§ **ACTION ITEM**
Copy exactly the lines of the data below, beginning with the line with "Пожар в автосалоне" and ending with the line with "[00:59.03] | 你带着它唯一写过的情书 |". Pictures are to be omitted.

§ **EXERCISE MATERIALS**
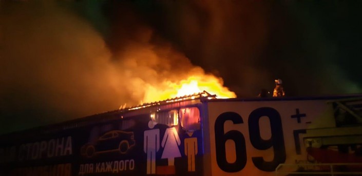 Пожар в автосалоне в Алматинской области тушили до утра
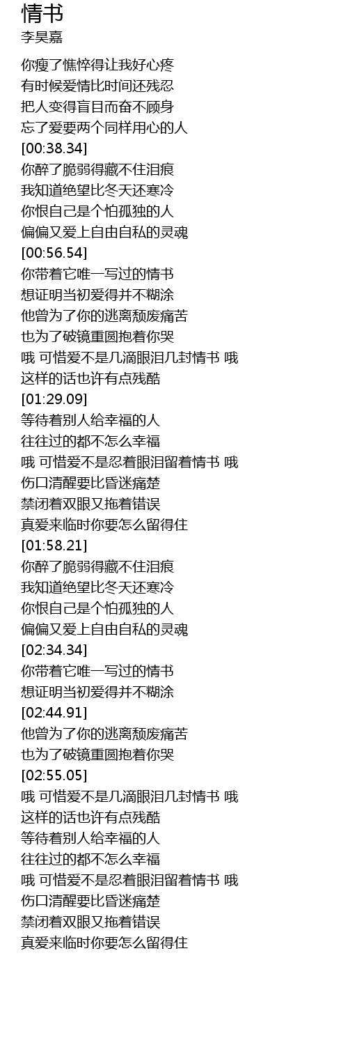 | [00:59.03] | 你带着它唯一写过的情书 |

...

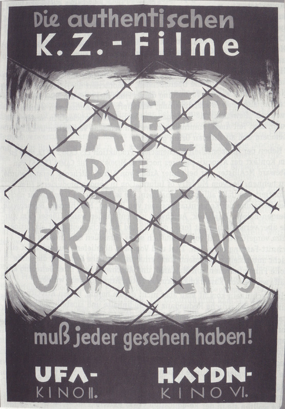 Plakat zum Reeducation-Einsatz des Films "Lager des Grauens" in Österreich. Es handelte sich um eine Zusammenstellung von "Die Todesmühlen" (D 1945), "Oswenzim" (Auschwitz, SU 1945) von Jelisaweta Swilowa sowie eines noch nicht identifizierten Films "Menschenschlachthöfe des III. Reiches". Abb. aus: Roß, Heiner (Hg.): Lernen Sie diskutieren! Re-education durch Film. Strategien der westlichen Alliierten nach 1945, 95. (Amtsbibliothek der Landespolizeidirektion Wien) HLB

...

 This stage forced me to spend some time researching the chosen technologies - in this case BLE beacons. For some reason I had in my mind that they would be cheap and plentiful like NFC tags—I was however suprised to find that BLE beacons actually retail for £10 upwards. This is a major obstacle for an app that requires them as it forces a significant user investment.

§ **TASK SOLUTION**
 Пожар в автосалоне в Алматинской области тушили до утра
 | [00:59.03] | 你带着它唯一写过的情书 |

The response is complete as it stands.